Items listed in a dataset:
────

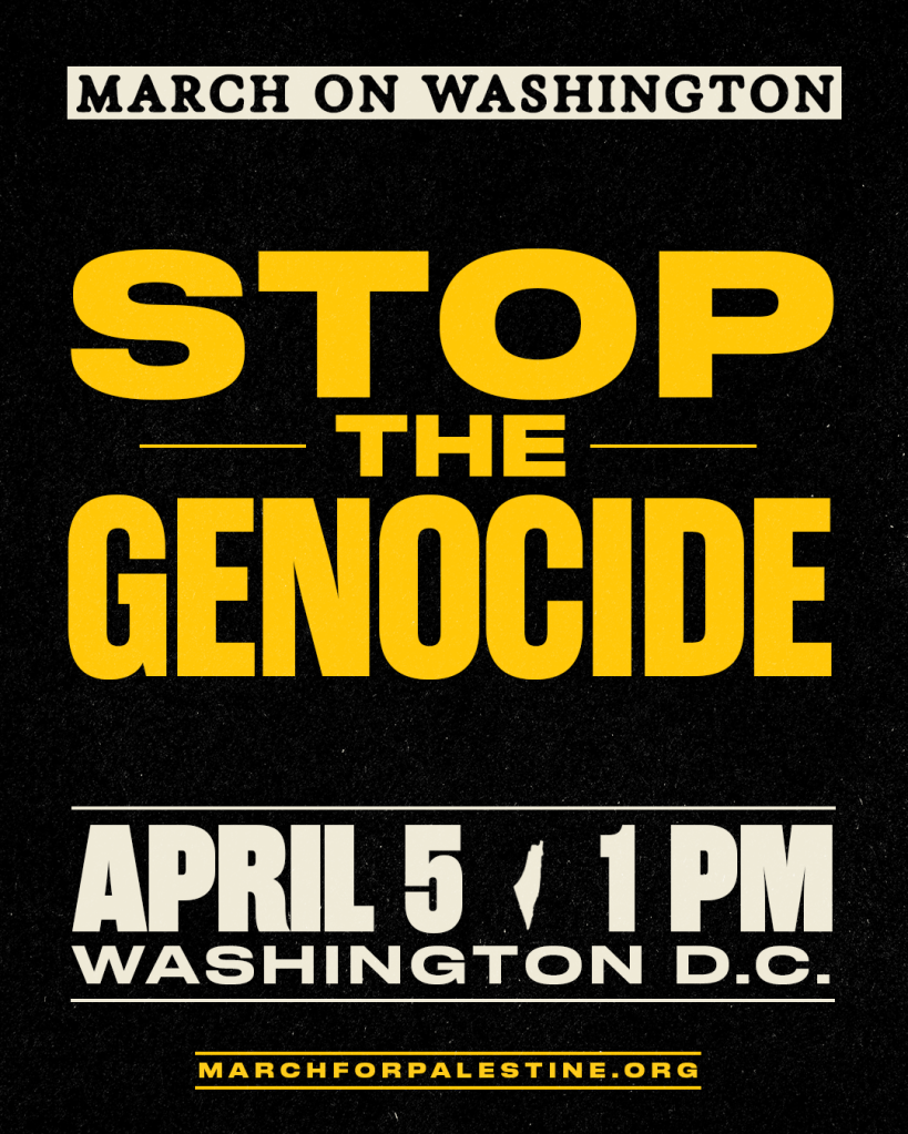 This movement is made of students, workers, teachers, artists, activists, healthcare workers, tech workers and people of conscience all over the world who will not back down in the face of repression and intimidation, and will never back down so long as Gaza is under attack. That’s why on April 5th we are standing up to Trump and his ethnic cleansing plan for Gaza, we are standing up to repression, and we are standing up to the US’s continued facilitation of the genocide in Gaza. We demand a permanent ceasefire and an arms embargo now!
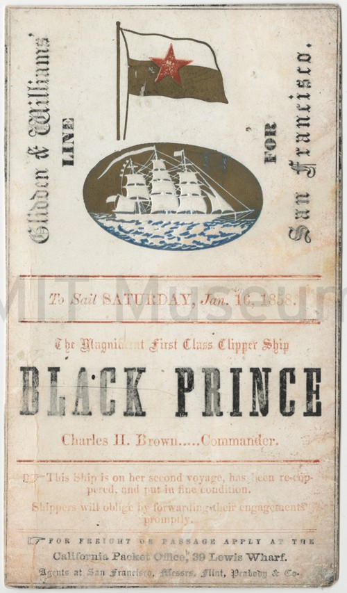The Magnificent First Class Clipper Ship "Black Prince" Clipper card for the "Black Prince", departing for San Francisco on Saturday, …
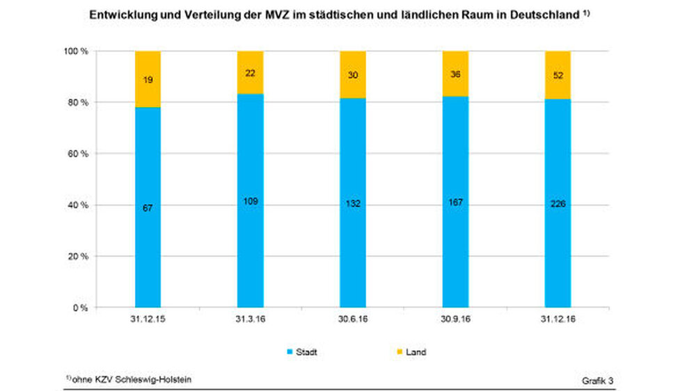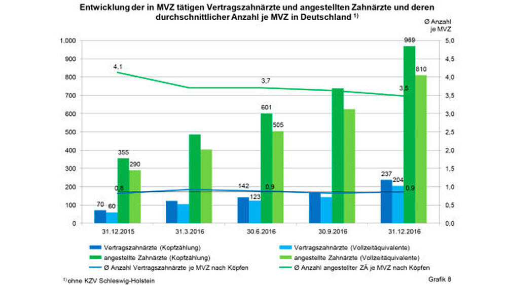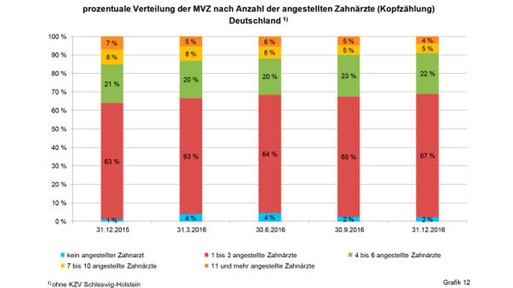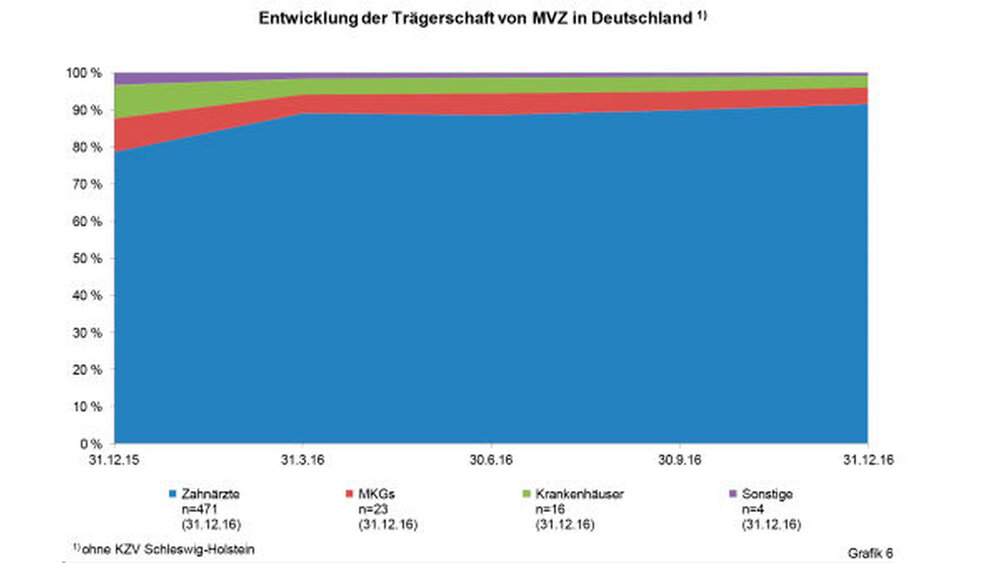 Vor dem Inkrafttreten des GKV-Versorgungsstärkungsgesetz zum 23. Juli 2015 belief sich die Zahl der zugelassenen medizinischen Versorgungszentren (MVZ) in Deutschland, die damals nur fachgruppenübergreifend betrieben werden konnten, auf 28. Bis Ende Dezember 2016 sind somit 260 neue MVZ hinzu gekommen, mit 230 die überwiegende Mehrheit als fachgruppengleiche MVZ. Dies geht aus einer aktuellen Statistik der Kassenzahnärztlichen Bundesvereinigung (KZBV) hervor. Weitere Daten finden Sie in unserer Bilderstrecke.
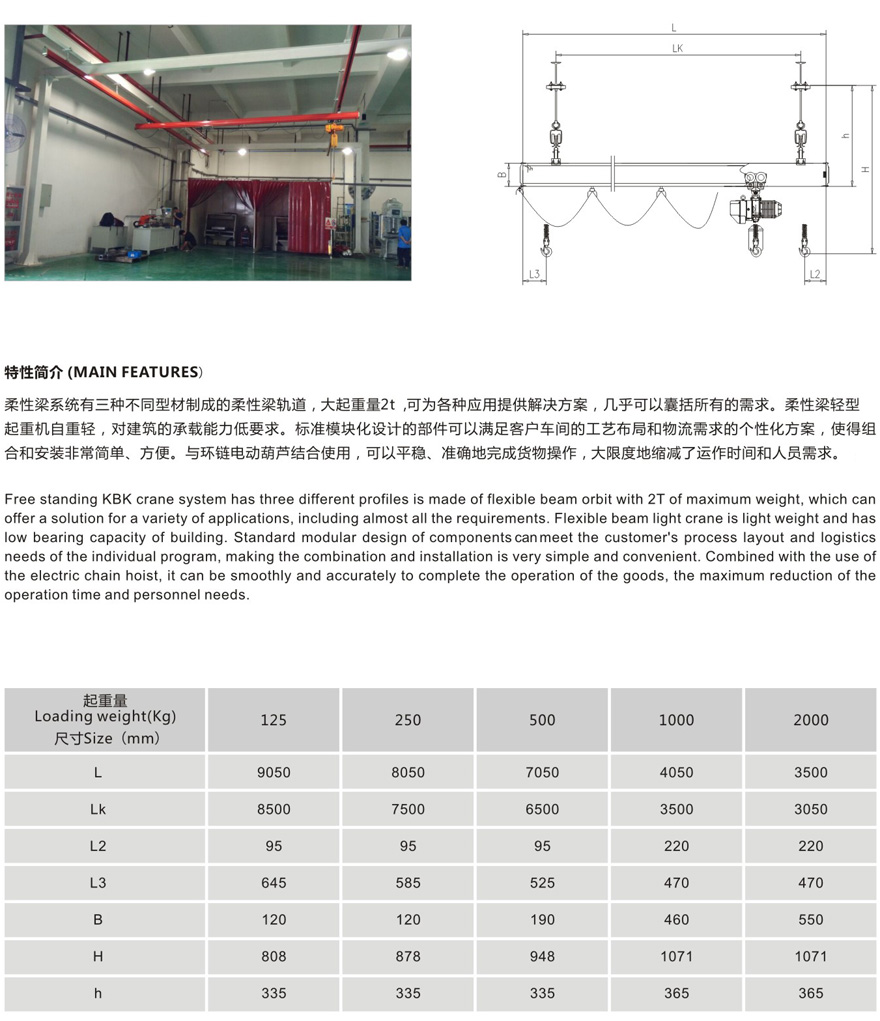 KBK,為KombiniertKran的縮寫,意為組合式起重機(jī),主要由軌道、懸掛裝置、行走小車和一些功能組件構(gòu)成,所有模塊都為標(biāo)準(zhǔn)組件。起升裝置主要采用環(huán)鏈電動(dòng)葫蘆,也可吊掛一些機(jī)械手或焊槍之類,作為工具滑軌使用,起重量一般為125kg-2000kg。KBK軌道采用Ω形狀,2片焊接而成。常用的是KBKII型軌道,多根軌道可用高強(qiáng)度螺栓連接。彎軌的轉(zhuǎn)彎半徑1.5m,大彎可用直軌搭配。沒有更小半徑的,會(huì)對(duì)小車運(yùn)行有影響。(KBKI型軌道轉(zhuǎn)彎半徑1m,在此不做介紹)。也可在KBKII型軌道內(nèi)側(cè)安裝內(nèi)置滑觸線,用于葫蘆供電,稱為KBKII-R型。懸掛裝置一般可以安裝在工字鋼/H型鋼下緣,有一定自鎖功能,安裝簡(jiǎn)便牢靠。功能組件包括:道岔,十字轉(zhuǎn)盤,升降段等。KBK組合起重機(jī)包括單軌起重機(jī)、單梁起重機(jī)、雙梁起重機(jī)、伸縮梁、堆垛機(jī)等各種型式的起重設(shè)備,起重量0.125t~2t適應(yīng)范圍極廣,尤其適用于現(xiàn)代化生產(chǎn)輸送線,其特點(diǎn)如下:
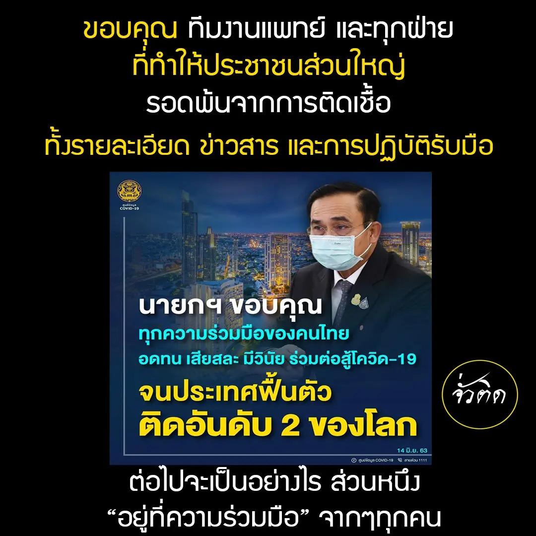 ท่านนายกฯ ขอบคุณคนไทย- ติดอัน2ของโลก!! รับมือโควิด

────

* **WHAT NEEDS TO BE DONE**
From the line containing "KBK,為Kombinier" down to the end of the data above, reproduce each line exactly; no pictures.

* **SOLUTION TO THE EXERCISE**
 KBK,為KombiniertKran的縮寫,意為組合式起重機(jī),主要由軌道、懸掛裝置、行走小車和一些功能組件構(gòu)成,所有模塊都為標(biāo)準(zhǔn)組件。起升裝置主要采用環(huán)鏈電動(dòng)葫蘆,也可吊掛一些機(jī)械手或焊槍之類,作為工具滑軌使用,起重量一般為125kg-2000kg。KBK軌道采用Ω形狀,2片焊接而成。常用的是KBKII型軌道,多根軌道可用高強(qiáng)度螺栓連接。彎軌的轉(zhuǎn)彎半徑1.5m,大彎可用直軌搭配。沒有更小半徑的,會(huì)對(duì)小車運(yùn)行有影響。(KBKI型軌道轉(zhuǎn)彎半徑1m,在此不做介紹)。也可在KBKII型軌道內(nèi)側(cè)安裝內(nèi)置滑觸線,用于葫蘆供電,稱為KBKII-R型。懸掛裝置一般可以安裝在工字鋼/H型鋼下緣,有一定自鎖功能,安裝簡(jiǎn)便牢靠。功能組件包括:道岔,十字轉(zhuǎn)盤,升降段等。KBK組合起重機(jī)包括單軌起重機(jī)、單梁起重機(jī)、雙梁起重機(jī)、伸縮梁、堆垛機(jī)等各種型式的起重設(shè)備,起重量0.125t~2t適應(yīng)范圍極廣,尤其適用于現(xiàn)代化生產(chǎn)輸送線,其特點(diǎn)如下:
 ท่านนายกฯ ขอบคุณคนไทย- ติดอัน2ของโลก!! รับมือโควิด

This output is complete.